** Work required **
Exclude the pictures and retype the entries as written.

** Dataset **
----
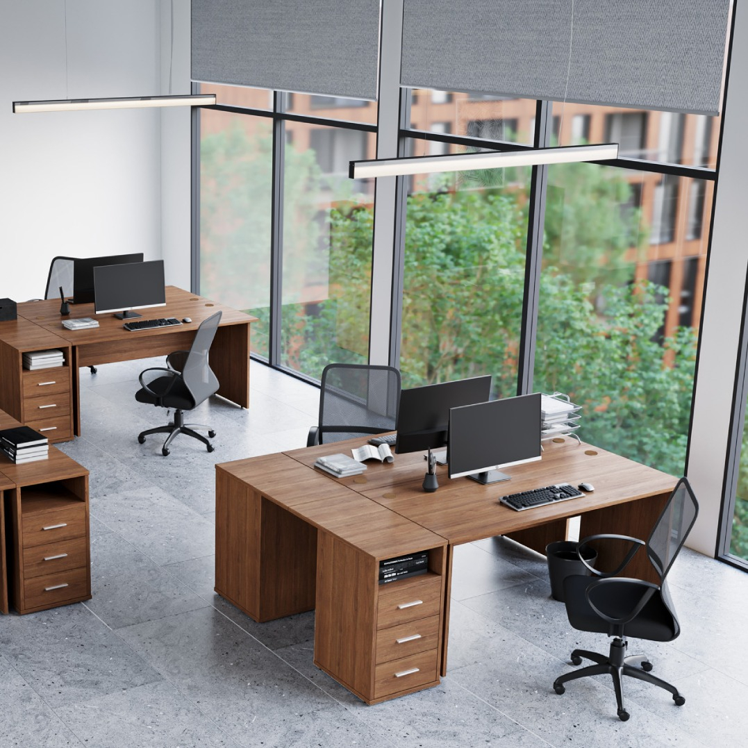 Переехали в новый офис из-за расширения, ну и понадобилось докупить кое-какую мебель, в том числе и столы для персонала. Выбрали вот такую модель. Стол очень хороший: удобный, вместительный, собран добротно и материалы высокого качества. Конструкция у него простая и в то же время очень прочная за счет ребра жесткости, поэтому стоят они очень устойчиво на полу и не шатаются.
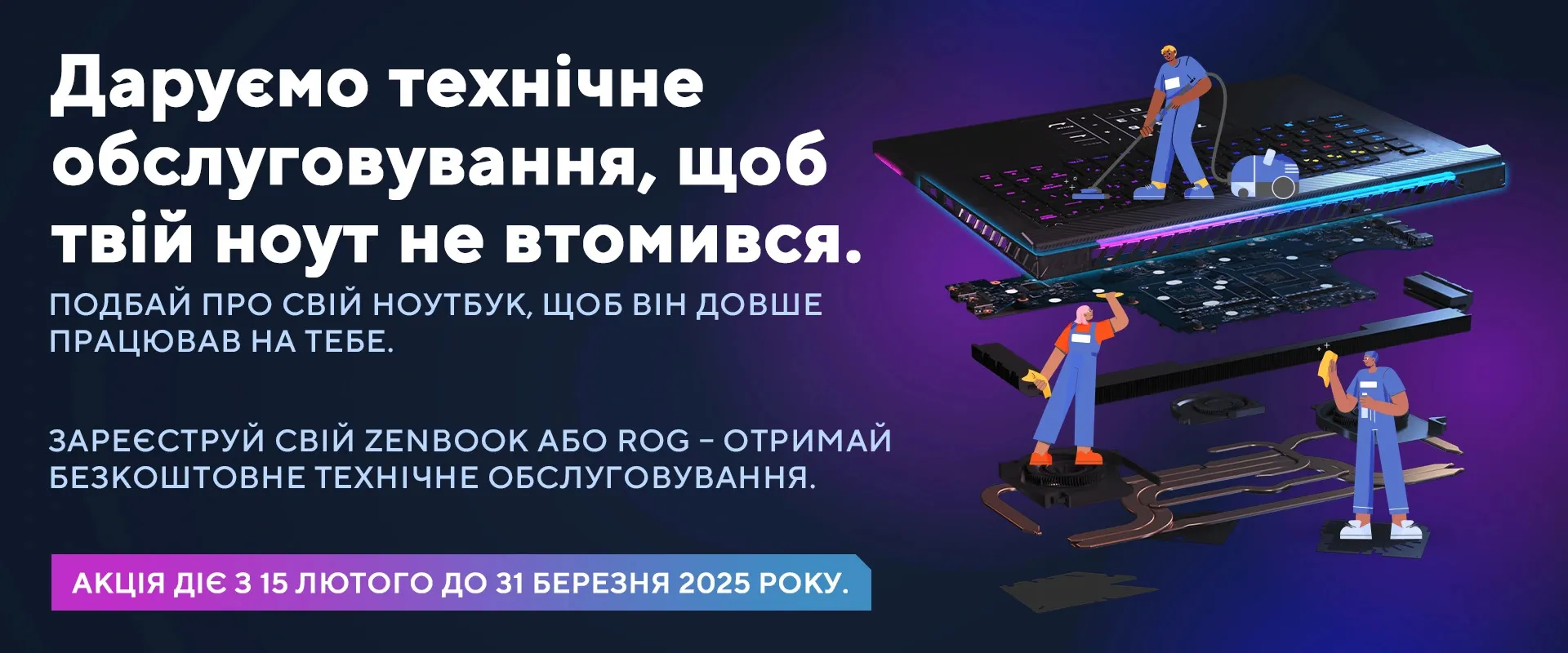 Акция "Дарим ТО, чтобы твой ноут не устал" предоставляет новым зарегистрированным пользователям ноутбуков ASUS линейки Zenbook и ноутбуков бренда ROG возможность бесплатно пройти комплексное техническое обслуживание своих устройств. Подробнее об условиях для участия в акции:
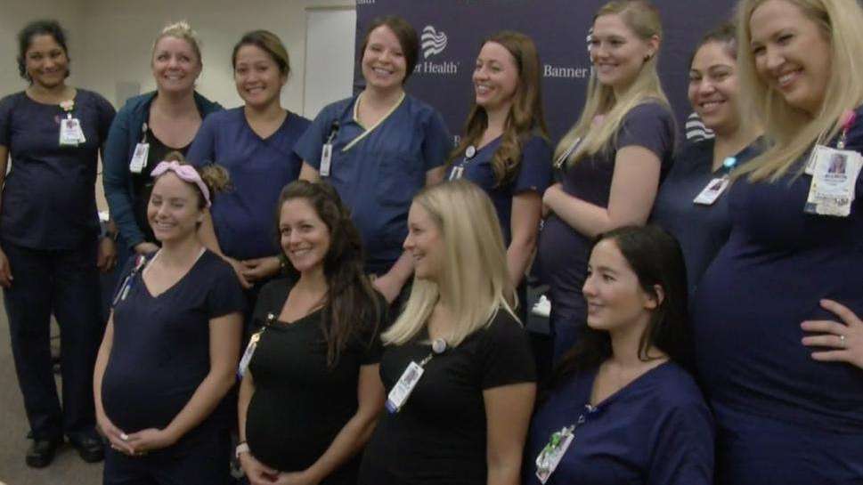 En un hospital suburbano de Arizona 16 enfermeras de cuidados intensivos descubrieron recientemente que están todas embarazadas.
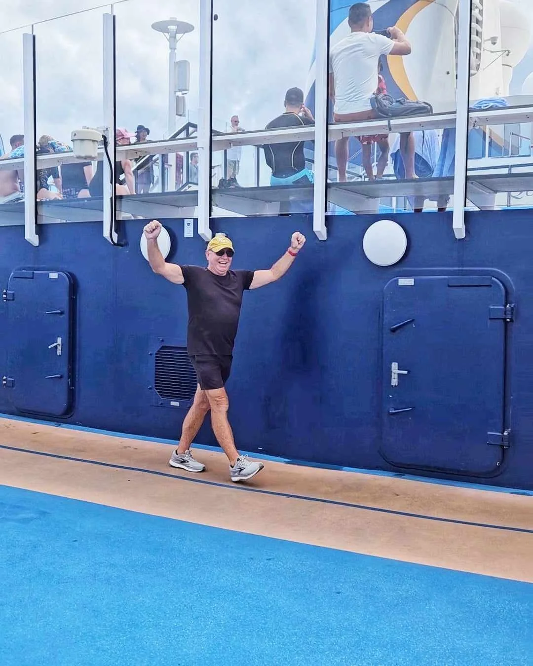 We had a walk around the top deck where there is walking track that takes you all around the ship. From here you can see all the outdoor pool and bar areas.
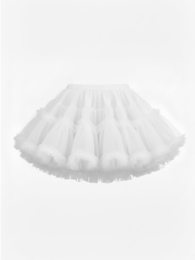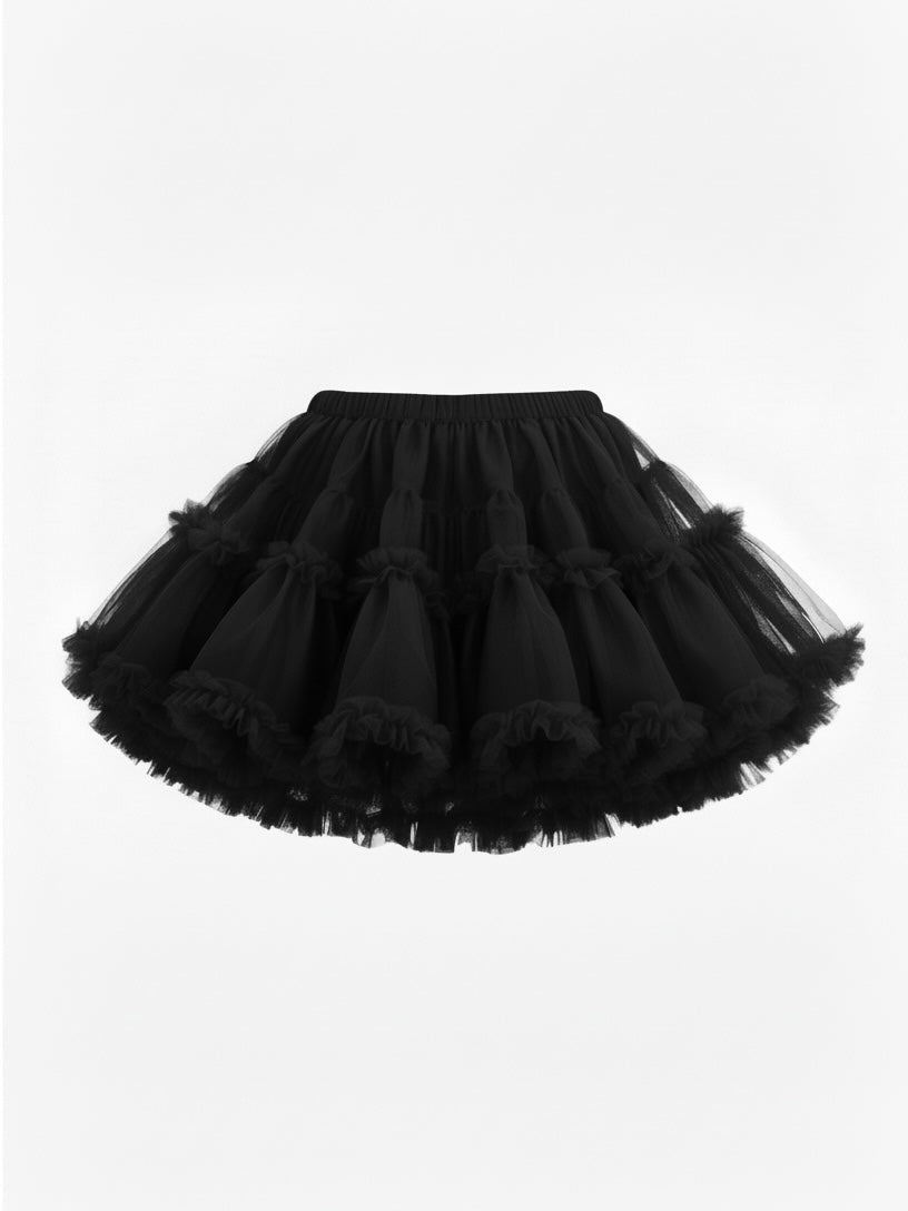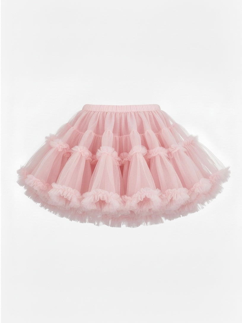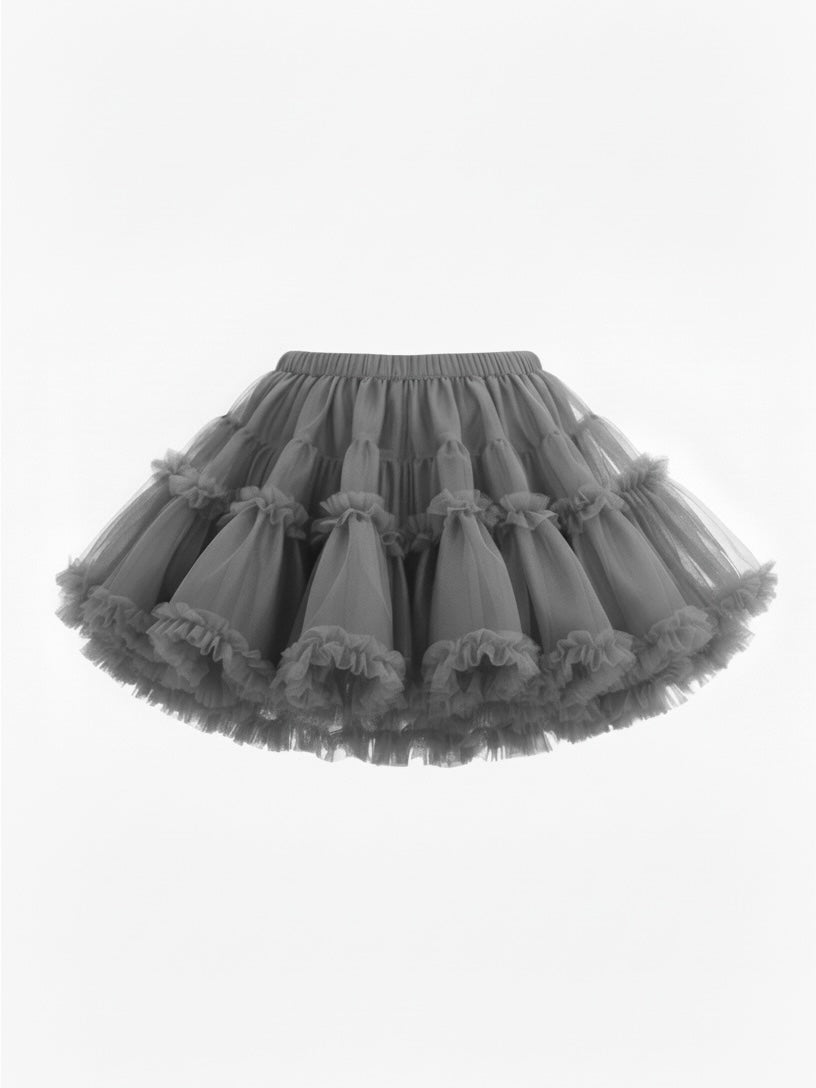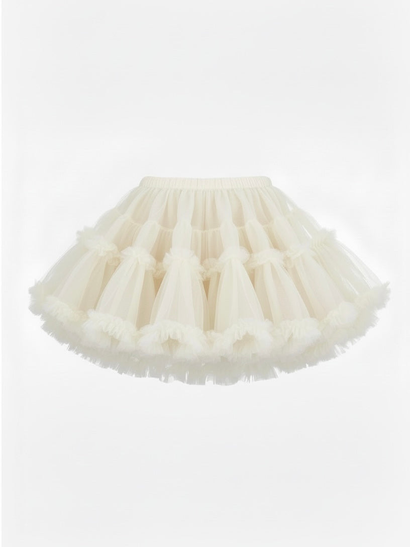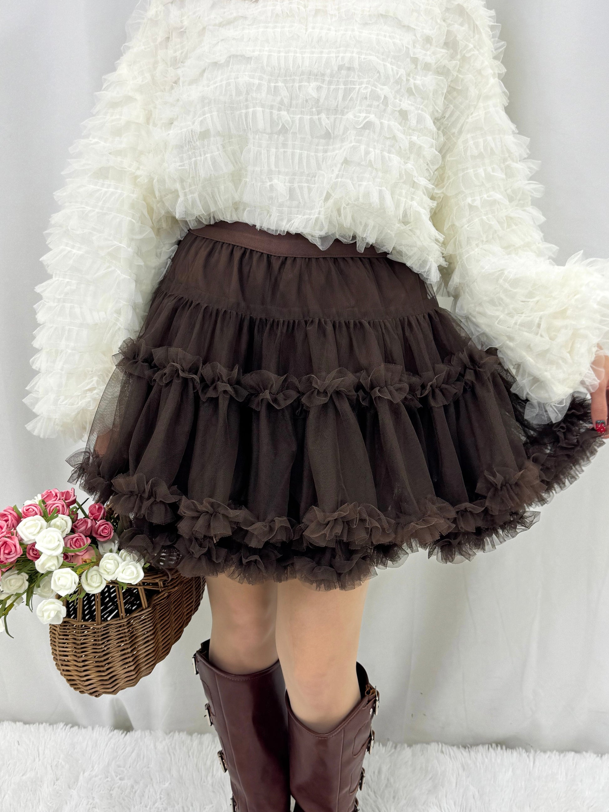チュールスカートの甘い印象から様々な着こなしが可能に。
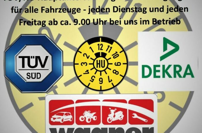 TÜV/HU Hauptuntersuchung* und Eintragungen* für alle Fahrezuge - jeden Dienstag um ca. 15.30 Uhr und jeden Freitag um ca. 9 Uhr bei uns im Betrieb
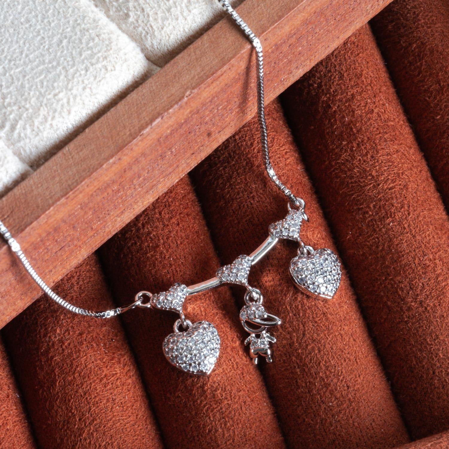 Encante-se com esse colar!Este lindo colar DE CORAÇÃO COM MENINO CRAVEJADO CRISTAL é feito com LATÃO BANHADO A RÓDIO BRANCO de alta qualidade.
----
** Output below **
 Переехали в новый офис из-за расширения, ну и понадобилось докупить кое-какую мебель, в том числе и столы для персонала. Выбрали вот такую модель. Стол очень хороший: удобный, вместительный, собран добротно и материалы высокого качества. Конструкция у него простая и в то же время очень прочная за счет ребра жесткости, поэтому стоят они очень устойчиво на полу и не шатаются.
 Акция "Дарим ТО, чтобы твой ноут не устал" предоставляет новым зарегистрированным пользователям ноутбуков ASUS линейки Zenbook и ноутбуков бренда ROG возможность бесплатно пройти комплексное техническое обслуживание своих устройств. Подробнее об условиях для участия в акции:
 En un hospital suburbano de Arizona 16 enfermeras de cuidados intensivos descubrieron recientemente que están todas embarazadas.
 We had a walk around the top deck where there is walking track that takes you all around the ship. From here you can see all the outdoor pool and bar areas.
チュールスカートの甘い印象から様々な着こなしが可能に。
 TÜV/HU Hauptuntersuchung* und Eintragungen* für alle Fahrezuge - jeden Dienstag um ca. 15.30 Uhr und jeden Freitag um ca. 9 Uhr bei uns im Betrieb
 Encante-se com esse colar!Este lindo colar DE CORAÇÃO COM MENINO CRAVEJADO CRISTAL é feito com LATÃO BANHADO A RÓDIO BRANCO de alta qualidade.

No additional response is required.